Ava's room was a mess. That was nothing new - Ava seemed to have completely avoided the neat gene that both of her parents had passed down, and she had a storage system all her own; a non-existent one. Emily wasn't as strict as Aaron, when it came to keeping things in order, but she liked things neat. Ava had no such issues. Her bedspread was awry, her teddy bears scattered around the room, along with all of her toys. There were clothes everywhere .

"Remind me never to let you pack your own bag again," Emily smiled, walking into the room and scooping the dark-haired little girl up into her arms, "At least, not until you know how to fold." She tugged a scrunched up dress out of the backpack Ava had filled. Filled was a loose term. The butterfly adorned bag was overflowing with frills and bows. Ava certianly hadn't inherited the girly gene from her mother; Emily had always insisted that it was Auntie Penelope rubbing off on her. Aaron was inclined to agree.

"I want to take toys to leave in daddy's." Ava told her mother, matter-of-factly, as Emily sat down on the bed, settling her daughter on her lap. She dug through the bag and found, buried underneith what turned out to be very few items of clothing, an array of toys. Barbies, a baby doll and bottle, stuffed animals and a few of pieces of her play make-up; a present from Auntie Pen, of course. The sight of her daughters little treasures all packed into a bag made Emily's stomach turn. They were some of her favourite toys, and she was going to take them to Aarons. Best not to look too much into that.

Emily nodded and gave the bag to Ava. "Put some more toys in there, sweetheart, I'll get you another bag."

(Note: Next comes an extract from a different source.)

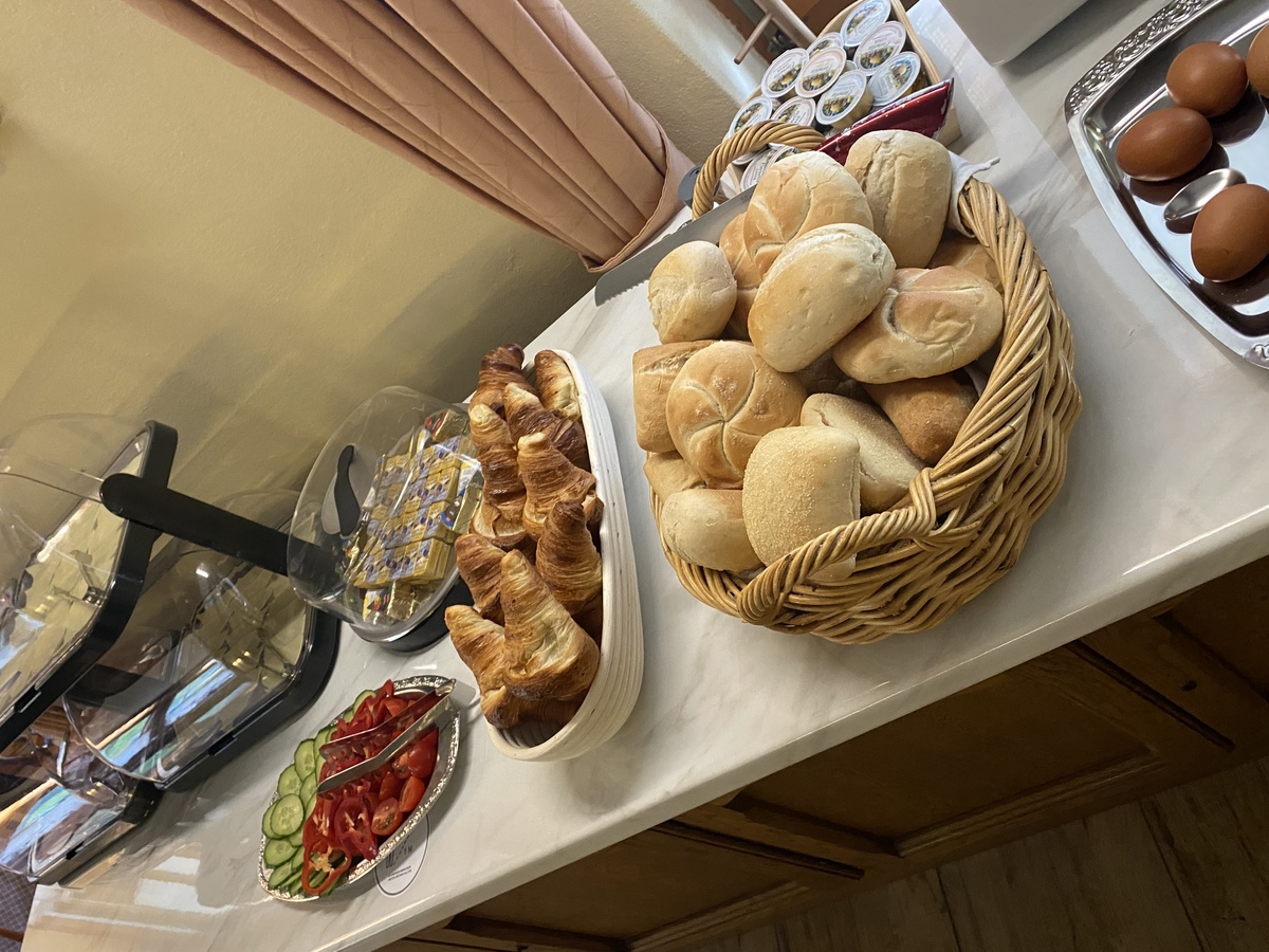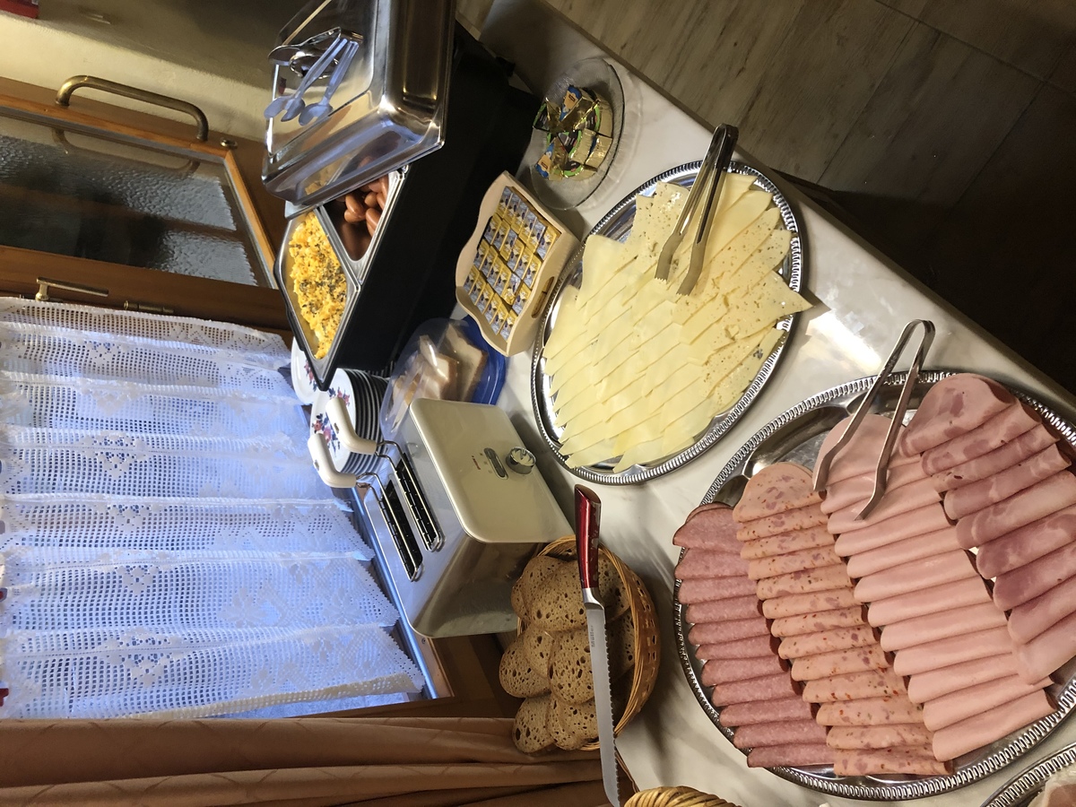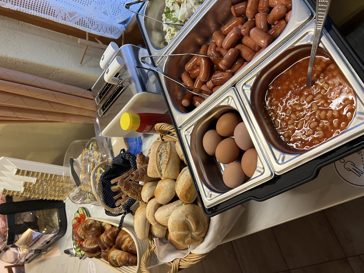 Von 07:30 bis 10:00 Uhr servieren wir ein Frühstück, bei dem nichts fehlen darf. Selbst gebackenes Brot, Croissants , Joghurts, Müsli... Sie haben die (Aus-)Wahl. Außerdem: frisches Obst, Wurst- und Schinkenspezialitäten und verschiedene Käsesorten. Ebenfalls erhältlich ist unser warmes Buffet, das verschiedene Eiersorten / Rührei, gekochte Eier/, Würstchen bietet.

She left Ava's room and headed to the closet at the end of the hallway, next to their stairs, in which she kept towels, suitcases, backpacks. Anything that didn't really fit in a bedroom or living room, she shoved in there. She opened the door and stopped. It was like looking into a mirror of the past, as she stared at her wedding photo. She had hidden it away in here when Aaron had first moved out. It had been too painful, and three weeks later, it still choked her up and would, she imagined, for the forseeable future. She grabbed one of Ava's little suitcases and closed the door. She was going to have to do something about that. But, what? She couldn't throw away ten years of memories simply because they were painful.